Stephen Teagle tells analysts housing associations are claiming development hit in order to drive up grant rates
The boss of Vistry’s partnerships housing business has claimed that investment by housing associations in new development will be unaffected by the government’s proposed cap on rent increases.
Stephen Teagle (pictured, below), speaking in a call to analysts and investors last week, also said that housing associations were only claiming that the planned rent cap will limit development because they wanted to pressure government to up grant rates.
His comments come after the government last month consulted on a cap on the amount housing associations will be able to increase rents by in the next financial year, to between 3-7%. Without a cap being brought in, tenants would have been facing double digit rent rises of 11-12%, with rents otherwise allowed to increase at a rate of CPI inflation plus 1%.
While housing associations have welcomed the action to protect vulnerable tenants, many have warned of the impact this could have on their finances, and particularly their ability to develop, with an impact assess issued alongside the consultation saying the cap could cost landlords as much as £9.2bn over five years.
Consultant Greg Campbell said at the start of the month the cap could kill housing association development “stone dead”.
However, Teagle said that because housing associations had such long-term business plans, and because many had assumed rent rises would be curtailed this year, the impacts on development would be negligible, and demand from associations remained strong.
He said: “Most housing associations have baked in [a] 5% [rent rise into their business plan]. And bear in mind, they’re looking at 45- and 60-year business plans. These are not short term, three- and five-year business plans.
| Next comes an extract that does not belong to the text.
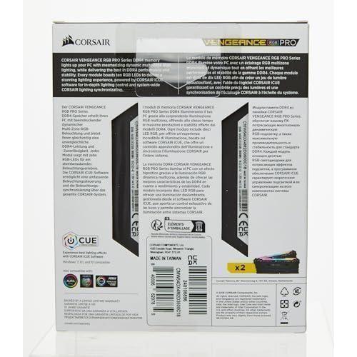 Details: La memoria DDR4 de la serie RGB PRO de CORSAIR VENGEANCE ilumina tu PC con una fascinante iluminación RGB dinámica multizona, mientras que ofrece lo mejor en rendimiento y estabilidad DDR4. Cada módulo cuenta con diez luz LED RGB controlados individualmente, mientras que el diseño sin cables facilita la instalación. Toma el control con el software Corsair iCUE y personaliza completamente la iluminación de cada módulo para que coincida con tu sistema, o sincroniza fácilmente la iluminación en todos tus productos Corsair con Light LINK. La Placa de circuito impreso diseñada a medida proporciona la más alta calidad de señal para obtener el mejor nivel de rendimiento y estabilidad en las placas madre AMD e Intel DDR4 más recientes, mientras que los CI especialmente seleccionados desbloquean la sobreaceleración superior. Teléfono del soporte técnico: 1-888-222-4346, opción 1.

So that pricing impact is not going to deter their ongoing investment into new supply.
“They’re not going to say that, because they’d like more grant, but it isn’t going to deter their investment into new supply.”
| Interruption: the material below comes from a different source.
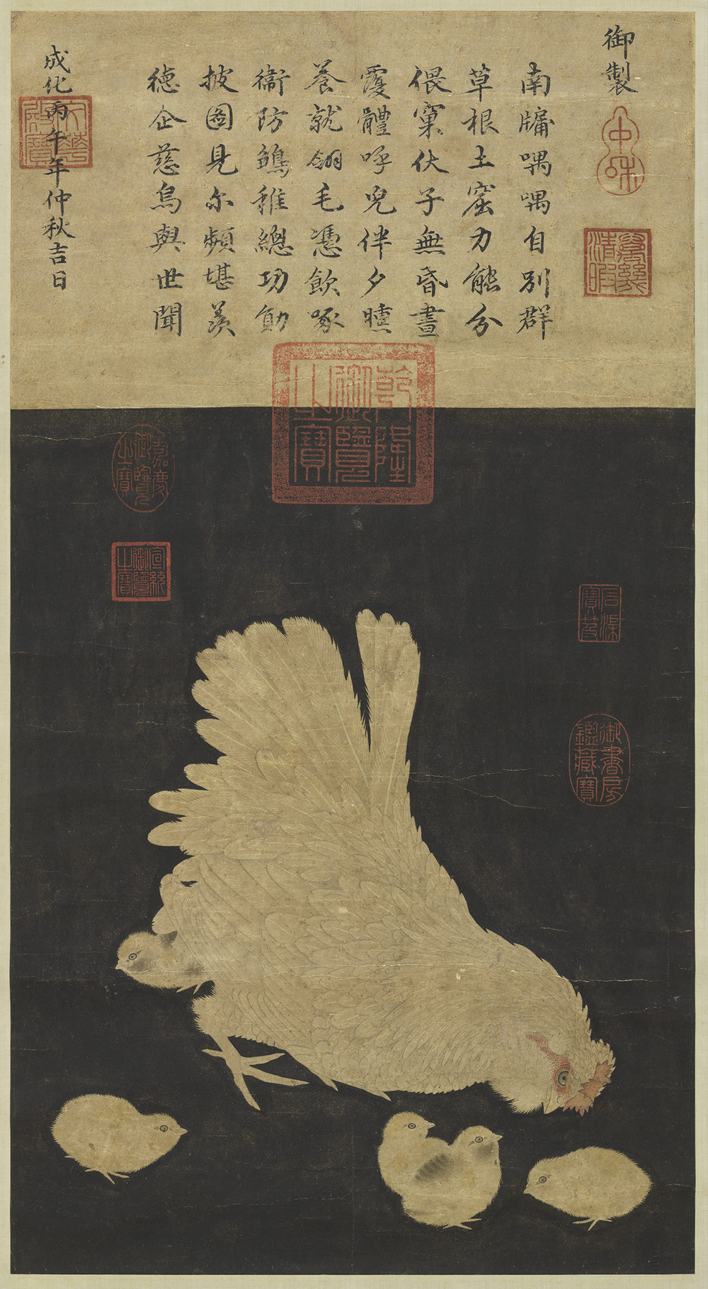 本幅画一只母鸡,引领着五只孵出不久的小鸡,在地上漫步啄食。母鸡雪白的羽毛蓬松亮丽,目光充满着慈爱,小鸡则稚嫩怯弱,依偎在母亲的羽翼保护下。由于背景全部用墨涂黑,使得主题格外突出。画中,并没有作者的签名或印记,虽然不能肯定是宋代作品,但画家对于物象的观察细腻入微,无疑是一帧写生意味浓厚的院画杰作。

Teagle’s comments are likely to be controversial, given that many associations are claiming to be struggling with significant cost pressures currently when undertaking development, with a recent study by the NHF putting build cost inflation for new build at 12.3%.
The comments came as £1.3bn turnover Vistry reported results for the year in which its partnerships housing business, which works to deliver schemes with housing associations and local authorities, saw its operating margin increase from 9.1% to 10.2%, despite the big rises in construction costs.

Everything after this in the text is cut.